BRASILIA: Brazil's central bank paused its aggressive campaign of interest rate hikes Wednesday, leaving its benchmark rate unchanged after 12 straight increases, even as the United States and other major economies settle into tightening mode.
Citing "risks in both directions to the inflation forecast" for Latin America's biggest economy, the bank's monetary policy committee voted to leave the Selic rate unchanged at 13.75 percent, the highest since January 2017, reports AFP.
The committee, which holds its next rate-setting meeting on October 25 and 26, said it "will not hesitate to resume the adjustment cycle if the disinflationary process does not progress as forecast."
Highlighting the high degree of uncertainty for both the Brazilian and world economy, two of the committee's nine members voted for a residual rate hike of 0.25 percentage points, it said in its accompanying statement.
Haunted by a history of hyperinflation, Brazil was among the first countries to start raising interest rates after the monetary easing of the coronavirus pandemic -- and did it in a big way.
Since March 2021, the central bank had rapidly raised its key rate from an all-time low of two percent, including three whopping hikes of 1.5 percentage points from October 2021 to February 2022.
Now, as the US Federal Reserve and European Central Bank shift into full-on tightening, Brazil is easing up on the brakes, hoping inflation is now sufficiently under control.
The ECB, meanwhile, announced the largest rate hike in its history two weeks ago -- also 75 basis points.
Both central banks indicated more big increases were coming.
Annual inflation remains high in Brazil, at 8.73 percent in August -- well above the central bank's target of 3.5 percent.
But that is down from 12.13 percent in April.
Consumer prices actually fell by 0.36 percent last month, the second straight month in deflationary territory.
Now, the central bank is hoping to resume its focus on growth rather than inflation, wary of over-tightening and tipping the economy into recession.

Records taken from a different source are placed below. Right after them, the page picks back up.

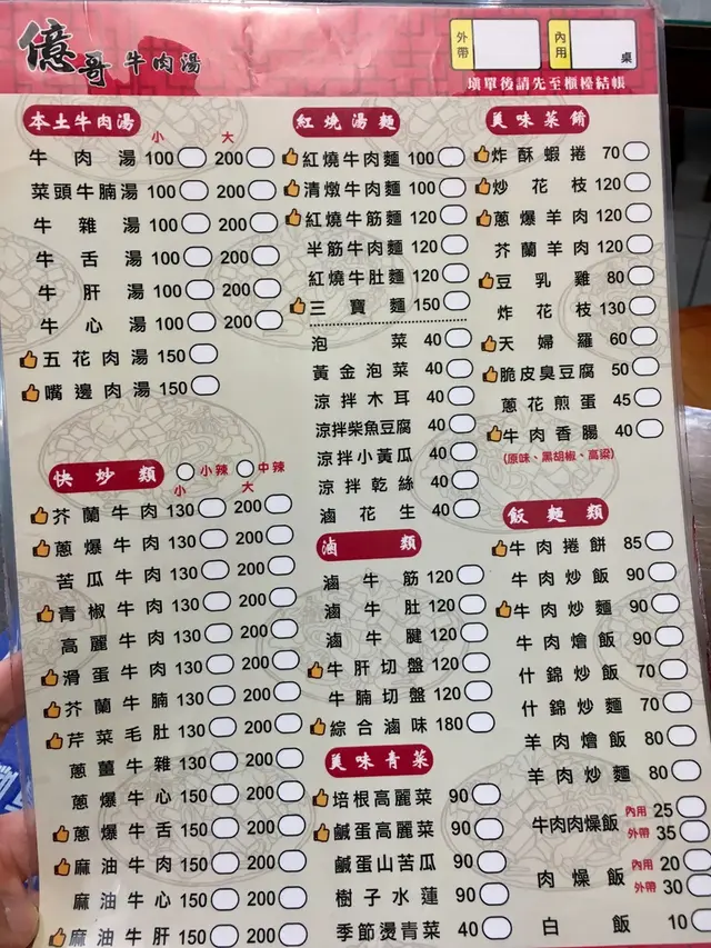 億哥牛肉湯東西超級豐富各種水準都很不錯,也難怪用餐時間人潮都是爆滿,差點就沒座位了,來這邊用餐也不怕等太久,廚房人手很多,上菜都蠻快的,能營業這麼多年果然有兩三把刷子,來吃的顧客感覺都是老顧客了,點餐動作都好快,如果住附近或者來夢時代逛街都可以考慮來這邊用餐,而且比較非用餐時間也可以來這邊吃牛肉湯真是方便,也有賣牛豬肉乾可以帶回家吃~
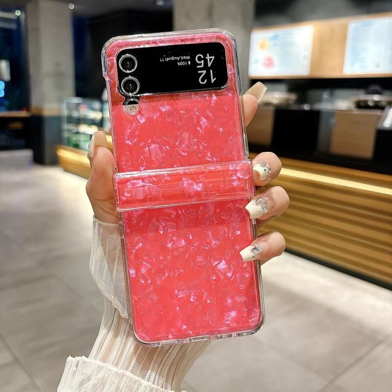 Για Samsung Galaxy Z Flip4 5G Τρία τεμάχια Set Pearlescent Shell Υφή υπόθεση τηλεφώνου (κόκκινο)
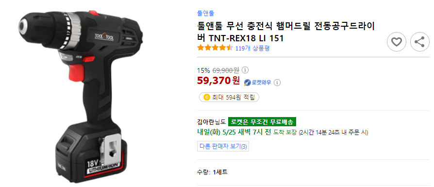 툴앤툴 18V 리튬이온 해머드릴 입니다.
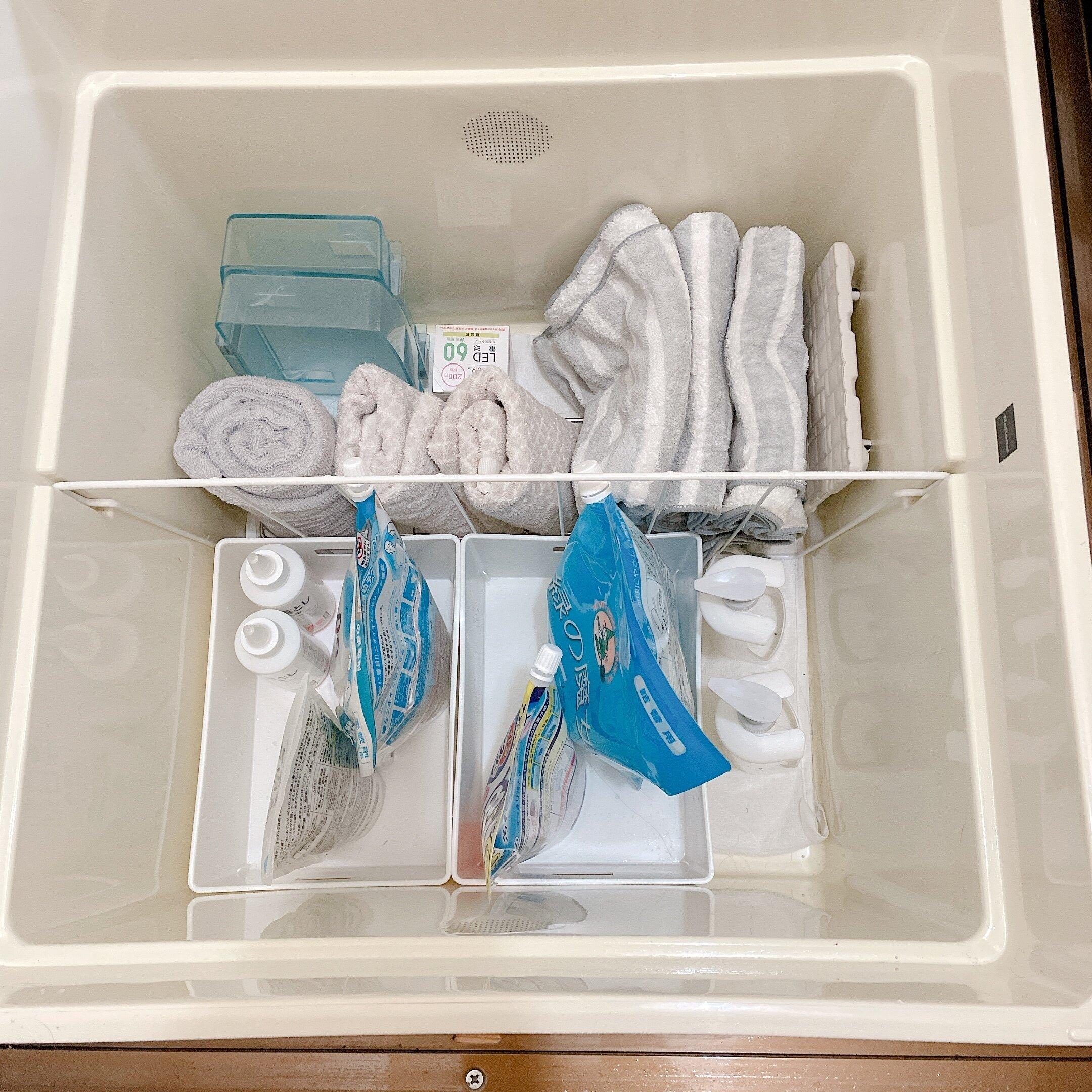 ちょうどいい大きさのケースなどを使って仕切っておけば、中でぐちゃぐちゃになってしまうことを防げます。大きなスペースだからこそ、きちんと仕切って、上から見た時にすべてが見えるようにしておくことが大事!プラスチック製のケースなので、汚れたらまるごと水洗いできるのも便利です。

"Without losing sight of the fundamental goal of ensuring stable prices, this decision aims to smooth fluctuations in the level of economic activity and promote full employment," the statement said.
It underlined, however, that the global economic outlook remains "adverse and volatile," with an "inflationary environment that continues to exert pressure."
Analysts polled by the central bank are currently forecasting Brazil's economy will grow by 2.65 percent this year, but a sluggish 0.5 percent next year -- though they have been growing steadily more optimistic on both.
They meanwhile expect the annual inflation rate to come in at six percent for 2022 and 5.01 percent for 2023, when the central bank's target drops to 3.25 percent.
Surging prices have been hitting Brazilian households hard.
With Brazil heading for elections on October 2, inflation has emerged as a major liability for President Jair Bolsonaro.
The far-right incumbent trails leftist ex-president Luiz Inacio Lula da Silva by 45 percent to 33 percent, according to the latest poll from the Datafolha institute.
An election-year spending spree by the federal government and question marks around both candidates' policy plans have heightened the uncertain outlook for the economy.